Latest update February 18th, 2025 11:01 AM
Jun 29, 2008 Letters
DEAR EDITOR,
I wholeheartedly agree with Bevon Currie’s suggestion that members of the Joint Services in the area at the time of the massacre of those poor miners should be made to take a polygraph test.
It would even be more valuable if a request could be made to the US government to send down an FBI technician to conduct such testing.
If the ranks pass this test, the business of tracking down those who this process of elimination will point to as being responsible for this latest massacre will be greatly served by the enhanced public confidence in the Joint Services.
There needs to be an investigation into this matter that leaves no germ of suspicion of a cover up. And such investigation should not be conducted by any agency or entity around which suspicions now abound.
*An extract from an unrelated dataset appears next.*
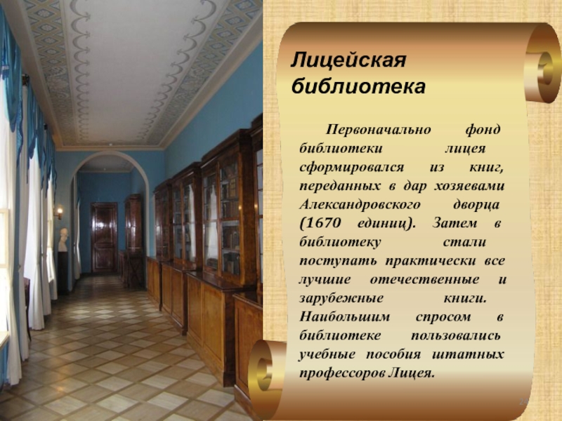 Первоначально фонд библиотеки лицея сформировался из книг, переданных в

Already in Guyana we have a situation where some murders seem to elicit laissez faire attention from officialdom, while others produce fire breathing responses.
This is poignantly and transparently reflected in the selectivity with which the state offers rewards for information in some high profile killings, while ignoring similar action in others.
I do not believe that rewards were offered for information with respect to the assassination of Ronald Waddell or Marcyn King. If rewards were offered then I missed it, and humbly apologise.
I find it more than a mite disconcerting that in a society such as ours, where violence sometimes target people because of their ethnicity, the Government’s reaction to these killings, as well as those of, allegedly hundreds of young black men, ostensibly suspected of being involved in criminality, ironically remains tepid when compared with its reaction to other atrocities like the Sawh assassination, Lusignan, et al.
In every human society, fairness and balance, equality under the law, freedom of speech and assembly, and all of those things that shape the quality of life for an individual or group in such society, require more than lip service or flippant enunciations from politicians and Government officials.
Whether the Government or those who feel comfortable under the umbrella of its authority choose to believe it or not, it is an unequivocal reality that large and particular segments of the Guyanese population perceive themselves as being stratified in the role of a veritable collective Cinderella in the society they live in.
Unless the policies, the conduct and the responses of the political administration to the social and sometime discordant eruptions that seem to have become a permanent feature of every day life in Guyana reflect the absolutism of those values, those essential operants for social and interactive cohesiveness, that which is emanating from their lips amount to nothing more than a command to believe them rather than our lying eyes.